_ACTION ITEM_
The data below is to be written out exactly, with no pictures.

___ THE DATA ___

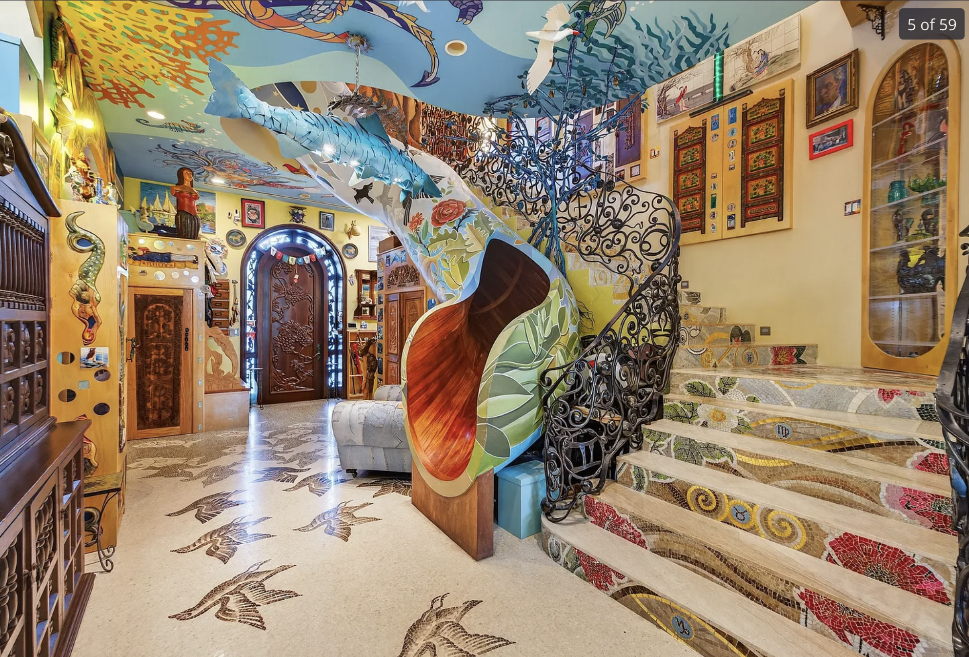 A curving slide next to a stairway, the slide is painted bright colours and has stained timber on the inside.
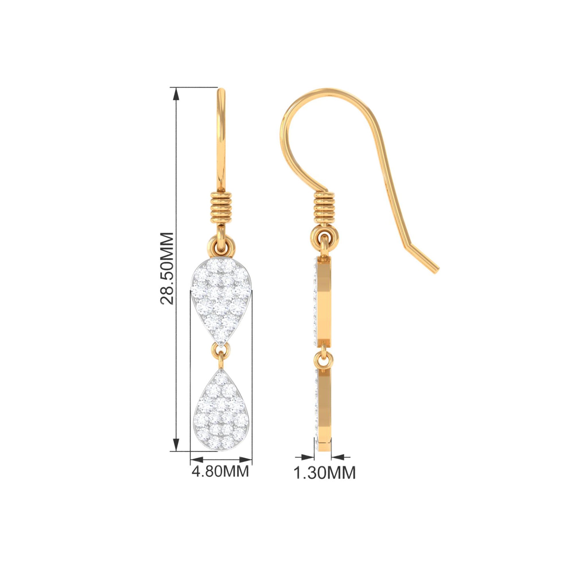 Make a statement with our scintillating diamond dangle earrings. The earrings feature a dangle pattern covered in round diamonds set in a pave setting, and come with a secure fish hook. Whether youre dressing up for a night out or simply want to add a touch of glamor to your everyday look, these diamond dangle earrings are sure to make you shine brighter than ever.
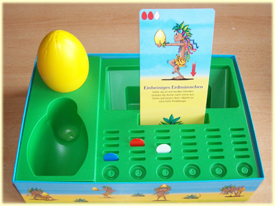 Leider kann man das von den Tönen, welche das Ei im Ruhezustand begleiten, nicht behaupten. Das Schnarchen ist ja sehr niedlich und passt auch zur Thematik, denn schließlich schlummert ja im Ei ein Küken vor sich hin. Allerdings hört man nicht nur lautstarkes Schnarchen, sondern auch Dschungelgetrommel. Mal abgesehen davon, dass dieses Geräusch eigentlich nicht wirklich zum Spielgeschehen passt, greift es nach einiger Zeit tatsächlich die Nervensubstanz an. Und dies empfanden nicht nur die Erwachsenen so, sondern auch einige der mitspielenden Kinder, vor allem die älteren unter ihnen. Dies ist aber auch der einzige Kritikpunkt an dem Spiel.
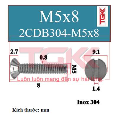 Bu lông 2 cạnh đầu bằng inox 304-M5x8

___

_EXERCISE RESPONSE_
 A curving slide next to a stairway, the slide is painted bright colours and has stained timber on the inside.
 Make a statement with our scintillating diamond dangle earrings. The earrings feature a dangle pattern covered in round diamonds set in a pave setting, and come with a secure fish hook. Whether youre dressing up for a night out or simply want to add a touch of glamor to your everyday look, these diamond dangle earrings are sure to make you shine brighter than ever.
 Leider kann man das von den Tönen, welche das Ei im Ruhezustand begleiten, nicht behaupten. Das Schnarchen ist ja sehr niedlich und passt auch zur Thematik, denn schließlich schlummert ja im Ei ein Küken vor sich hin. Allerdings hört man nicht nur lautstarkes Schnarchen, sondern auch Dschungelgetrommel. Mal abgesehen davon, dass dieses Geräusch eigentlich nicht wirklich zum Spielgeschehen passt, greift es nach einiger Zeit tatsächlich die Nervensubstanz an. Und dies empfanden nicht nur die Erwachsenen so, sondern auch einige der mitspielenden Kinder, vor allem die älteren unter ihnen. Dies ist aber auch der einzige Kritikpunkt an dem Spiel.
 Bu lông 2 cạnh đầu bằng inox 304-M5x8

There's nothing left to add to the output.